This delicious Italian meatball recipe combines the rich flavors of ground beef and Italian sausage for the perfect balance of taste and texture. These meatballs are juicy on the inside with a beautiful brown exterior, making them ideal for family dinners or entertaining guests.
I first made these meatballs for a Sunday family dinner, and they've become our go-to comfort food. My children now request them weekly, knowing the aroma filling our home means something special is coming to the table.
Ingredients
- Ground beef 80/20: creates the perfect fat content for juicy meatballs
- Italian sausage: adds depth of flavor and seasoning
- Italian breadcrumbs: help bind the mixture while adding texture
- Freshly grated Parmesan cheese: brings a salty richness
- Fresh parsley: brightens the flavor profile and adds color
- Egg: acts as the essential binder that holds everything together
- Garlic cloves: provide aromatic flavor that permeates the meat
- Marinara sauce: creates the perfect bath for these meatballs
- Butter: enriches the sauce with silky texture and flavor
Step-by-Step Instructions
- Prepare Your Oven:
- Preheat your oven to 350°F and position a rack in the center. Line a rimmed sheet pan with foil for easy cleanup later. The foil prevents sticking and makes the cleaning process much simpler.
- Mix The Meat Mixture:
- In a large bowl, combine ground beef, Italian sausage, breadcrumbs, Parmesan, parsley, beaten egg, minced garlic, salt, and pepper. Mix thoroughly but gently using your hands. Overmixing can result in dense meatballs, so stop once everything is evenly incorporated.
- Form The Meatballs:
- Wet your hands slightly to prevent sticking, then form golf ball sized meatballs using about 2 tablespoons of mixture for each. The wet hands technique ensures a smooth exterior. Place each formed meatball on your prepared baking sheet, leaving a small space between each one.
- Bake To Perfection:
- Place the sheet pan in the preheated oven and bake for approximately 25 minutes. You'll know they're done when they're nicely browned on the outside and cooked through the center. The internal temperature should reach 165°F for food safety.
- Prepare The Sauce:
- While the meatballs bake, combine marinara sauce and softened butter in a small saucepan over medium heat. Stir occasionally until the butter completely melts into the sauce, creating a richer, silkier texture. This takes about 5 minutes.
- Serve With Love:
- Divide the cooked meatballs among serving bowls, generously spoon the butter-enriched marinara sauce over them, and finish with a sprinkle of additional Parmesan cheese. For extra visual appeal, add a small garnish of fresh parsley.
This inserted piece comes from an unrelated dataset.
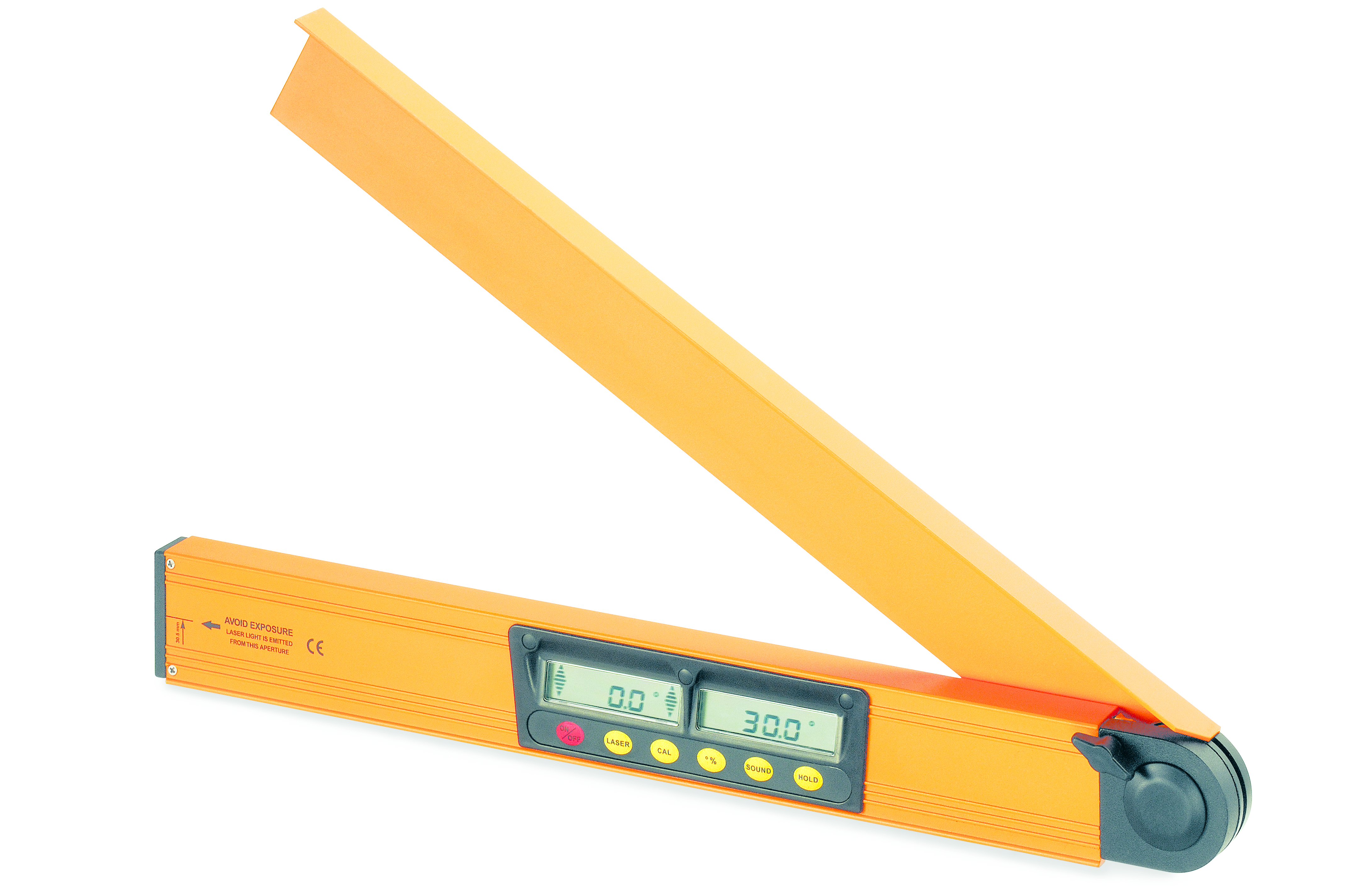 Digitalt vattenpass och gradskiva med laserpunkt. Mäter grader eller procent. Vinkelmätning 0-180°. Kan användas med alla tre funktionerna samtidigt eller separat.

The secret ingredient in these meatballs is actually the mild Italian sausage. My grandmother always insisted on using a combination of meats rather than just beef alone. She would say, "The sausage brings the soul to the meatball," and after years of making this recipe, I couldn't agree more.
Make-Ahead Instructions
These meatballs are perfect for meal prep. You can form the raw meatballs and refrigerate them for up to 24 hours before baking. Alternatively, you can fully cook them, cool completely, and refrigerate for up to 3 days. When ready to serve, simply reheat them in sauce over low heat until warmed through. The flavors actually develop and improve overnight, making this an ideal dish to prepare in advance for gatherings.
Serving Suggestions
While traditionally served over spaghetti, these versatile meatballs shine in numerous presentations. Try them on crusty Italian bread for memorable meatball subs, or serve with toothpicks as an appetizer at your next gathering. For a lower-carb option, serve alongside roasted vegetables or over zucchini noodles. My personal favorite is nestling them into a bed of creamy polenta with extra sauce and a generous sprinkle of Parmesan cheese.
Customization Options
Feel free to customize these meatballs to suit your taste preferences. For a spicier version, substitute hot Italian sausage or add red pepper flakes to the meat mixture. If you prefer a lighter version, use ground turkey or chicken instead of beef. For extra flavor, consider adding a tablespoon of tomato paste or a splash of red wine to the meat mixture. You can also experiment with different herbs like basil or oregano in addition to or instead of parsley.

Frequently Asked Questions
- → What kind of meat is best for these meatballs?
A combination of 80/20 ground beef and mild Italian sausage creates tender, flavorful meatballs.
- → Can I use dried parsley instead of fresh?
Fresh parsley is recommended for optimal flavor, but dried parsley can be substituted; use 1 tablespoon instead of ¼ cup.
- → What marinara sauce should I use?
Use your favorite store-bought marinara or homemade sauce to complement the meatballs.
- → How do I store leftovers?
Store cooked meatballs and sauce in an airtight container in the refrigerator for up to 3 days or freeze for longer storage.
- → Can these meatballs be made gluten-free?
Yes, replace regular breadcrumbs with gluten-free breadcrumbs to make these meatballs gluten-free.